Quindi, l’uomo è totalmente responsabile ed è totalmente libero, però nello stesso tempo, diceva
Jean-Paul Sartre, è anche terribilmente solo. Sartre diceva che dato che l’uomo non ha nulla che lo
possa superare, non ha nulla con cui confrontarsi, allora si ritrova solo con se stesso a determinare il
proprio futuro. L’uomo è ciò che avrà progettato di essere. E di fronte a questo senso di
responsabilità, l’uomo non può sfuggire, e quindi da qui nasce l’angoscia, la famosa angoscia di cui
parlava anche Kierkegaard e Heidegger, un’angoscia perché l’uomo è obbligato a fare delle scelte,
non può sottrarsi da queste scelte, di cui non può prevedere le conseguenze. 
Kierkegaard diceva che Abramo pur di scegliere Dio sacrifica il suo unico figlio, venendo meno a
qualsiasi codice etico.
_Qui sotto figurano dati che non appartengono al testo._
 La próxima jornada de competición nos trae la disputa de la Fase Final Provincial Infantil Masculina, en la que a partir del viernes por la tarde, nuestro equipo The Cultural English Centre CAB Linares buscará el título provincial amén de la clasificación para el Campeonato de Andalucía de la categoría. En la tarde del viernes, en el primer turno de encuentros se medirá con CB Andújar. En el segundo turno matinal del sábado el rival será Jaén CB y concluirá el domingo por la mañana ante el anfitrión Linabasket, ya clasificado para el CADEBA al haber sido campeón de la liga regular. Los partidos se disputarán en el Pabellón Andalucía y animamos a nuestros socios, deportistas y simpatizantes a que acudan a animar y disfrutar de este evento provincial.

È questo quello che intende dire Jean-Paul Sartre; quando l’uomo fa delle
scelte, non può prevedere le conseguenze, così come Abramo pur di scegliere Dio non sapeva che
Dio gli avrebbe chiesto di sacrificare suo figlio Isacco, ma di fronte a questa richiesta ad Abramo
non resta che obbedire, perché ha fatto una scelta. 
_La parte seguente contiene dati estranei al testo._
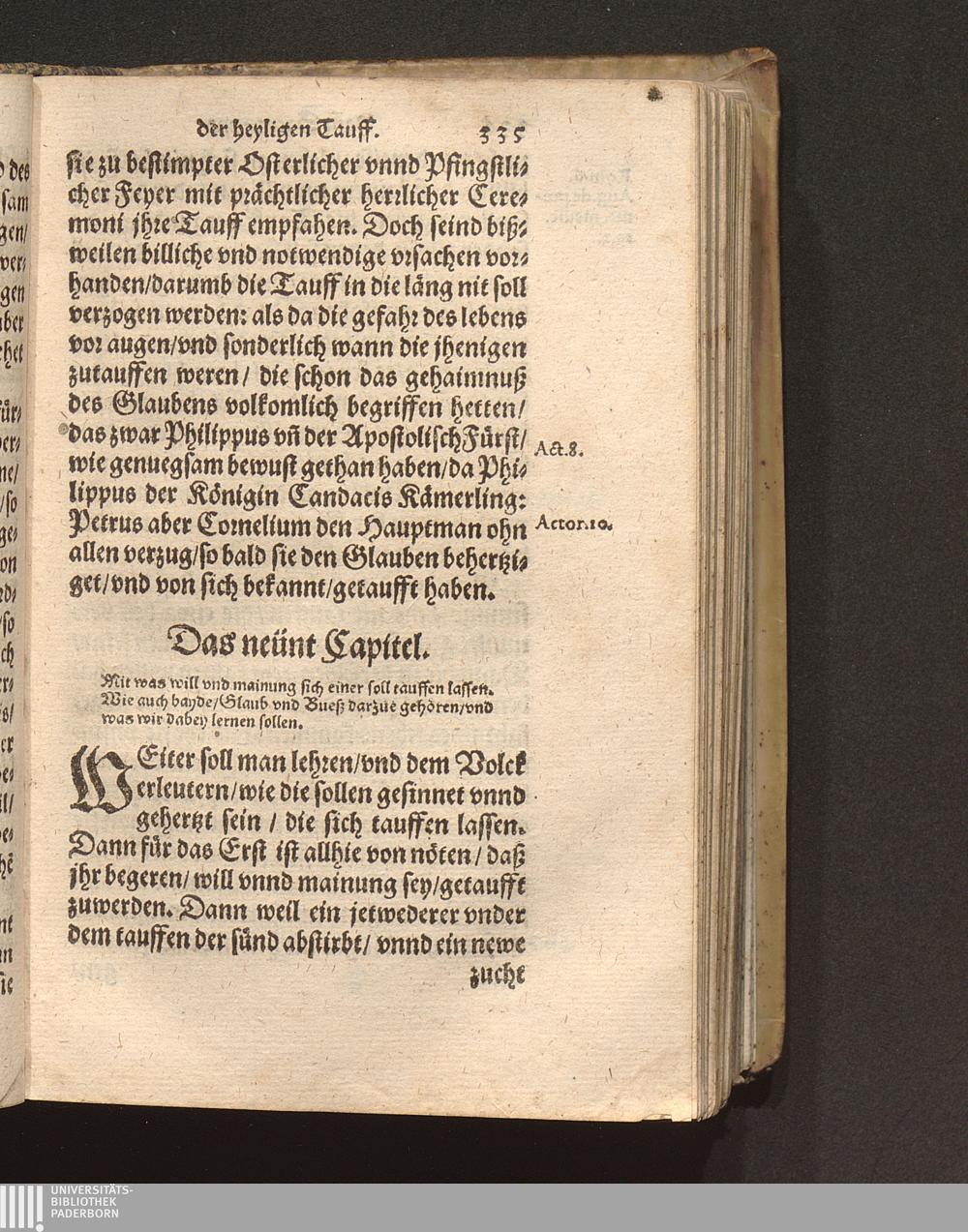 Das neünt Capitel. Nit was will vnd mainung sich einer soll tauffen lassen. Wie auch[...]

Quelli che si vogliono sottrarre all’angoscia, al loro senso di responsabilità, sono quelli che
ingannano se stessi, sono quelli che Jean-Paul Sarte chiama vigliacchi. Per l’uomo che non ha
nessuna sicurezza, l’unica cosa sicura è l’agire, è inutile rifugiarsi in un mondo illusorio, di quello
che avrebbe potuto verificarsi e non si è verificato. La vita dell’uomo è solo quella che ha saputo
vivere. Progettare significa che noi scegliamo l’avvenire, un avvenire che può restare possibile
oppure non realizzarsi mai.
L’angoscia non impedisce di agire, diceva Jean-Paul Sartre, anzi ci permette di analizzare a fondo
ogni nostra possibilità, facendo in mondo che ogni decisione sia quella giusta. 
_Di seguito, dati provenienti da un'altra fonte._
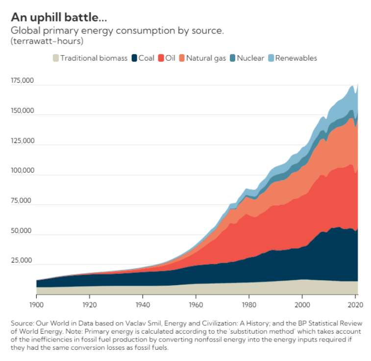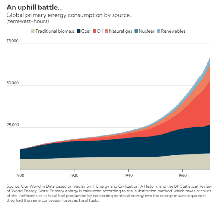 20세기 초반을 지나면서부터 석유의 시대가 열린 것을 발견할 수 있습니다. 이 기세는 1973년 제 1차 석유위기가 발생할 때까지 이어졌죠. 물론 석탄의 시대가 완전히 사라진 것은 아니었습니다. 석탄의 소비량은 꾸준한 증가세를 지속하며 주요 에너지 원 중에서 2위의 자리를 지켰죠.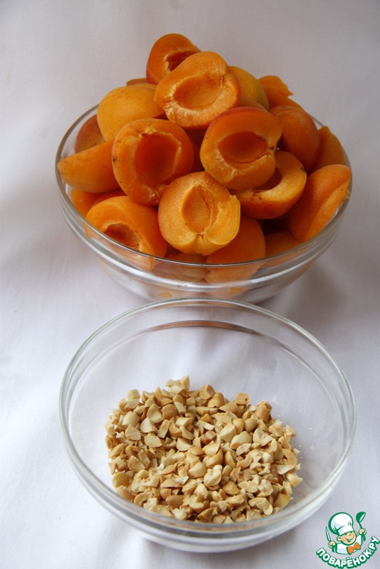 В это время очистить поджаренный арахис (я купила уже готовый, поджаренный в скорлупке) и порезать его кусочками. Помыть абрикосы, разделить на половинки, удалить косточку.
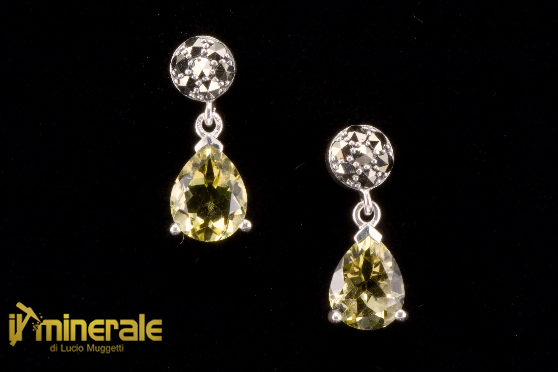 Orecchini a pressione pendenti in argento 925 con gocce di quarzo citrino lemon e marcassiti

Come abbiamo detto, nella filosofia di Jean-Paul Sartre Dio non esiste. Se Dio non esiste l’uomo è
libero, perché se Dio esistesse non sarebbe più libero. Quindi, non possono esistere delle norme
assolute, quindi nel momento in cui l’uomo afferma che Dio esiste, si illude, perché vorrebbe essere
lui stesso Dio, ma questo non è possibile. L’uomo è un Dio mancato, e quindi ogni suo tentativo di
conformarsi a Dio gli impedisce di autorealizzarsi. 
Quindi l’uomo deve decidere da solo e tutto è ricondotto alla responsabilità del singolo. La libertà
dell’uomo è una libertà condivisa con quella degli altri, cioè la scelta è assunzione di responsabilità
da parte di ognuno di noi. Sartre faceva un esempio: diceva che in una guerra dichiarata da altri,
nella quale mi trovo, io sono in qualche modo responsabile, perché io posso in qualche modo
sottrarmi alla guerra con la diserzione (reato militare, cioè abbandono del corpo in cui si presta
servizio) o con il suicidio. Nel momento in cui io non lo faccio, allora quella guerra diventa anche la
mia guerra. La scelta è assunzione di responsabilità. 
Scegliere, diceva Jean-Paul Sartre, significa affermare il valore delle nostre scelte, perché noi non
possiamo scegliere il male, ma scegliamo sempre il bene. E nulla può essere bene per noi senza
esserlo per tutti. Sono responsabile per me stesso e per tutti e creo una certa immagine dell’uomo
che scelgo, scegliendomi io scelgo l’uomo, diceva Sartre. L’uomo non può far a meno di scegliere,
perché l’uomo sarà ciò che ha progettato di essere.